The benefits to be provided under, and the amounts payable pursuant to, this
Section 4 shall be provided and be payable without regard to proof of damages
and without regard to the Executive's efforts, if any, to mitigate damages. The
Company and the Executive hereby stipulate that the damages which may be
incurred by the Executive following any such termination of employment are not
capable of accurate measurement as of the date first above written and that such
liquidated damages constitute reasonable damages under the circumstances.
(c) Payments to the Executive under Section 4 shall be made
within ten days of the Executive's Date of Termination.
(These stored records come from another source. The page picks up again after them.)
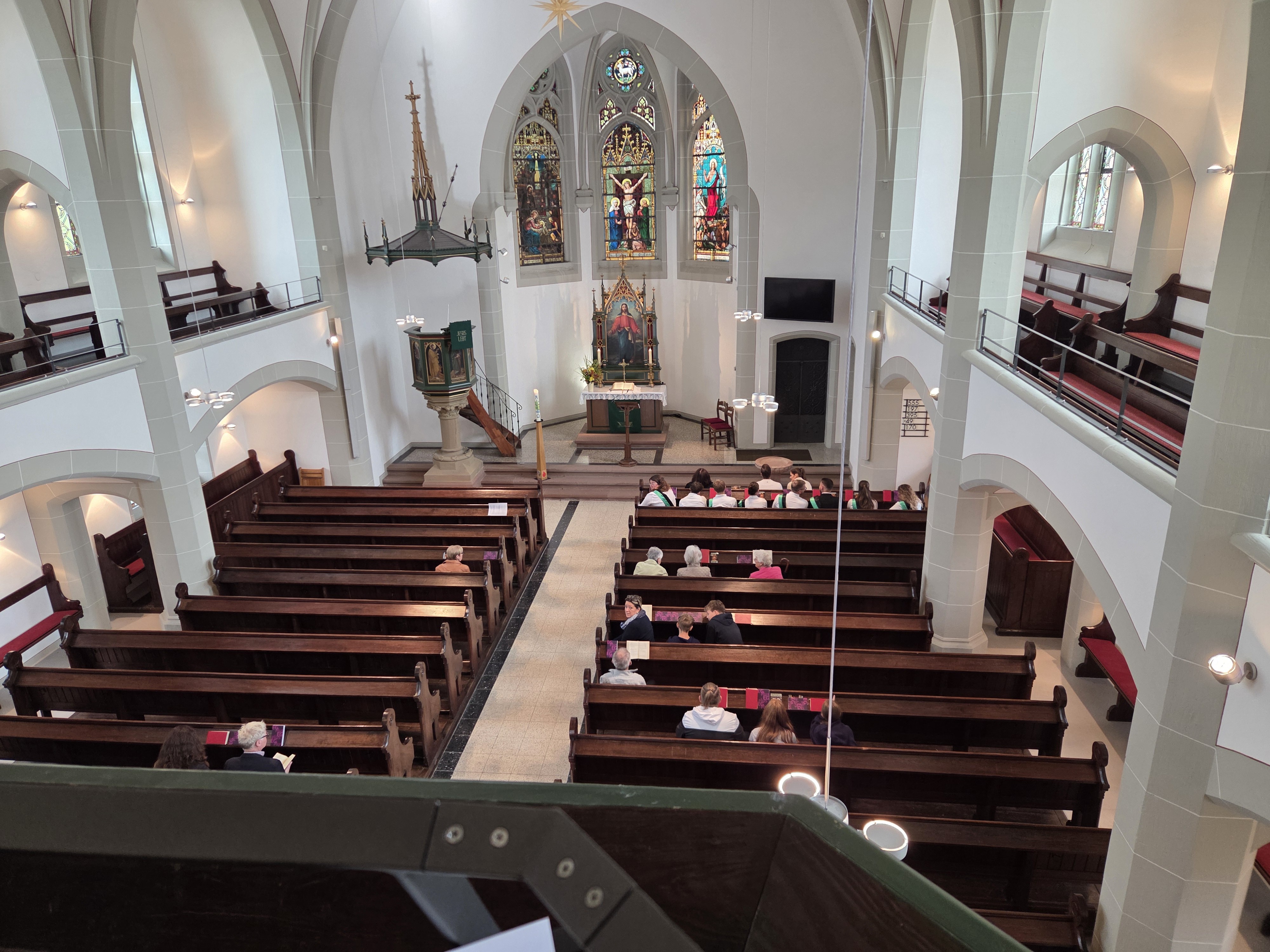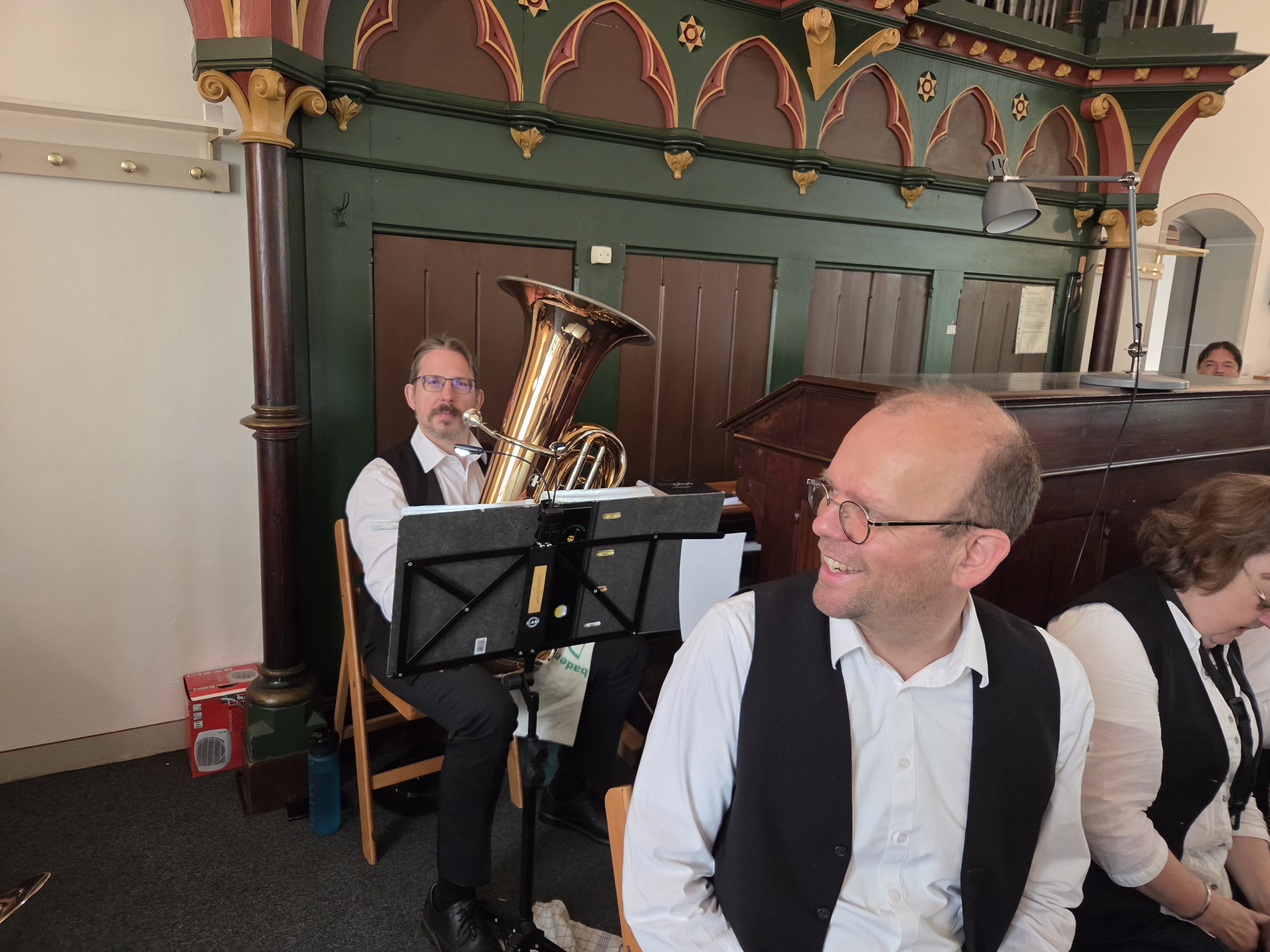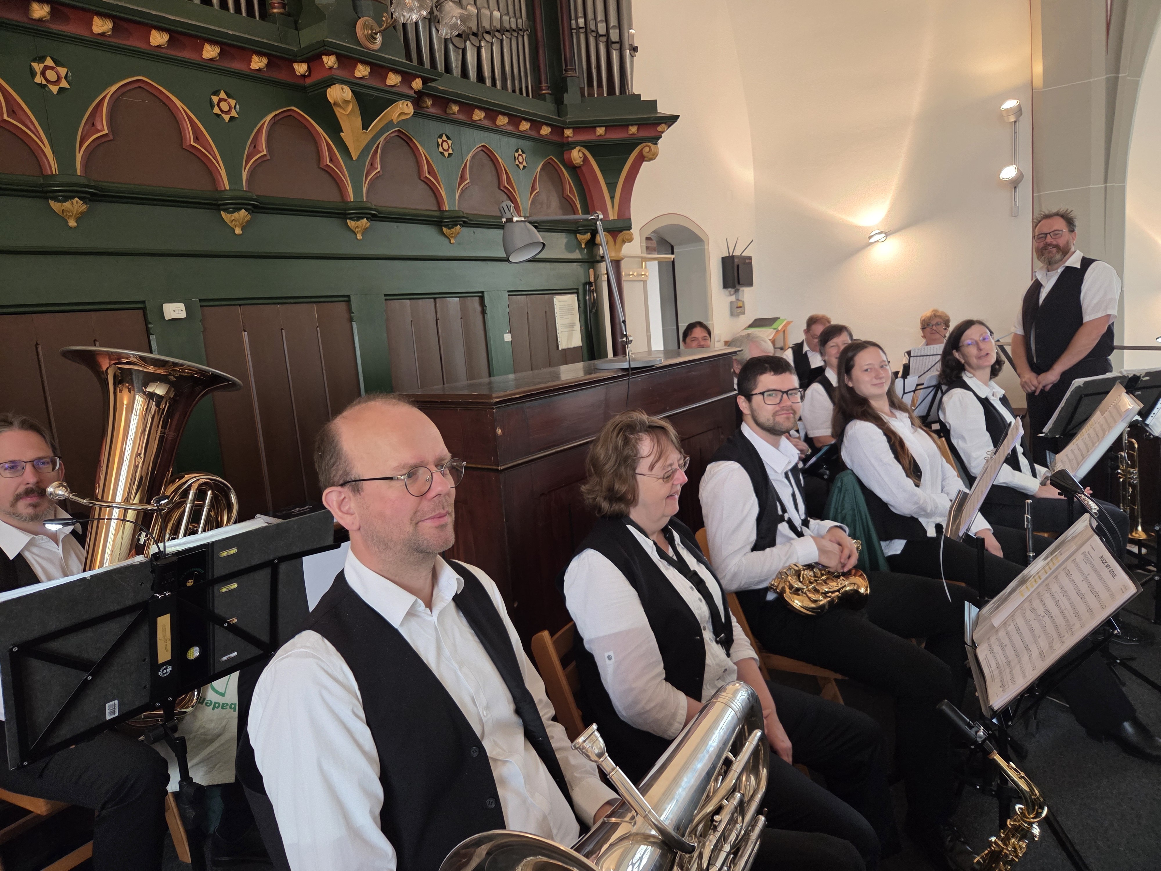 Denn auf die Orgelempore Ländchesdoms passen nur ca. 15 Musikerinnen und Musiker inklusive Schlagzeug, weiterer Instrumente und Notenständer. Aber auch diese Herausforderung wurde gerne angenommen, und so nahm eine Auswahl der Wiesbadener Taunusmusikanten die Kerbe-Festgemeinde mit dem Swing-Klassiker „Rock my Soul“ mit in einen fröhlichen Gottesdienst, der von Pfarrerin Petra Rauter-Milewski, die – wenn sie nicht auf der Kanzel steht – ebenfalls mit dem Saxophon bei den Wiesbadener Taunusmusikanten mit dabei ist. Mit einer bunten Mischung verschiedener Kirchenlieder, mal choralartig, mal rockig, feierte die Delkenheimer Kerbegesellschaft mit der ganzen Gemeinde einen wunderbaren Gottesdienst. Zum Schluss verabschiedeten sich die Wiesbadener Taunusmusikanten mit „Wellerman“ von Delkenheim – nicht ohne einen Schlussapplaus.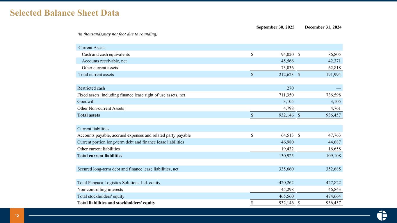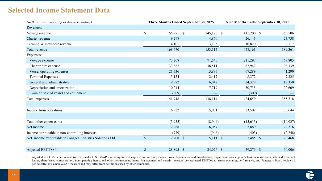 12 Selected Balance Sheet Data September 30, 2025 December 31, 2024 (in thousands,may not foot due to rounding) Current Assets Cash and cash equivalents $ 94,020 $ 86,805 Accounts receivable, net 45,566 42,371 Other current assets 73,036 62,818 Total current assets $ 212,623 $ 191,994 Restricted cash 270 — Fixed assets, including finance lease right of use assets, net 711,350 736,598 Goodwill 3,105 3,105 Other Non-current Assets 4,798 4,761 Total assets $ 932,146 $ 936,457 Current liabilities Accounts payable, accrued expenses and related party payable $ 64,513 $ 47,763 Current portion long-term debt and finance lease liabilities 46,980 44,687 Other current liabilities 19,432 16,658 Total current liabilities 130,925 109,108 Secured long-term debt and finance lease liabilities, net 335,660 352,685 Total Pangaea Logistics Solutions Ltd. equity 420,262 427,822 Non-controlling interests 45,298 46,843 Total stockholders' equity 465,560 474,664 Total liabilities and stockholders' equity $ 932,146 $ 936,457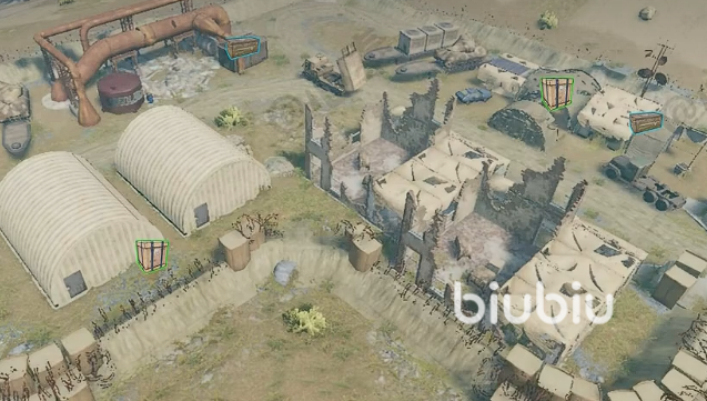 完成后需要进入第五个资源点军事基地,这资源点很小大家进入后需要往前走,在前方第一个大棚位置可以找到一个箱子,之后往前走在加油管道位置可以找到第二个箱子,找到后沿着路往右手边走,在右手边帐篷位置可以找到两个箱子,找到后这资源点就完成探索了。

(d) In the event payments are made under Section 4 or Section
5, the Executive may select an individual or firm to provide him with reasonable
outplacement counseling services, and the Company shall pay for the costs of
such services; provided, however, that the cost to the Company of such
outplacement counseling services shall not exceed 25% of the Executive's Base
Salary.
5. CHANGE IN CONTROL.
(a) No benefit shall be payable under this Section 5 unless
there shall have been a Change in Control of the Bank or Company, as set forth
below. For purposes of this Agreement, a "Change in Control" of the Bank or
Company shall mean any one or more of the following:
(i) An event of a nature that would be required to be reported in
response to Item l(a) of the current report on Form 8-K, as in effect on
the date hereof, pursuant to Section 13 or 15(d) of the Securities Exchange
Act of 1934, as amended (the "Exchange Act");
(ii) An event of a nature that results in a Change in Control of the
Bank or the Company within the meaning of the Home Owners' Loan Act of
1933, as amended, or the Change in Bank Control Act of 1978, as amended, as
applicable, and the Rules and Regulations promulgated by the Office of
Thrift Supervision ("OTS") or its predecessor agency, the Federal Deposit
Insurance Corporation ("FDIC") or the Board of Governors of the Federal
Reserve System ("FRB"), as the case may be, as in effect on the date
hereof, but excluding any such Change in Control resulting from the
purchase of securities by the Company or the Company's or the Bank's
tax-qualified employee benefit plans and trusts;
(iii) If any "person" (as the term is used in Sections 13(d) and 14(d)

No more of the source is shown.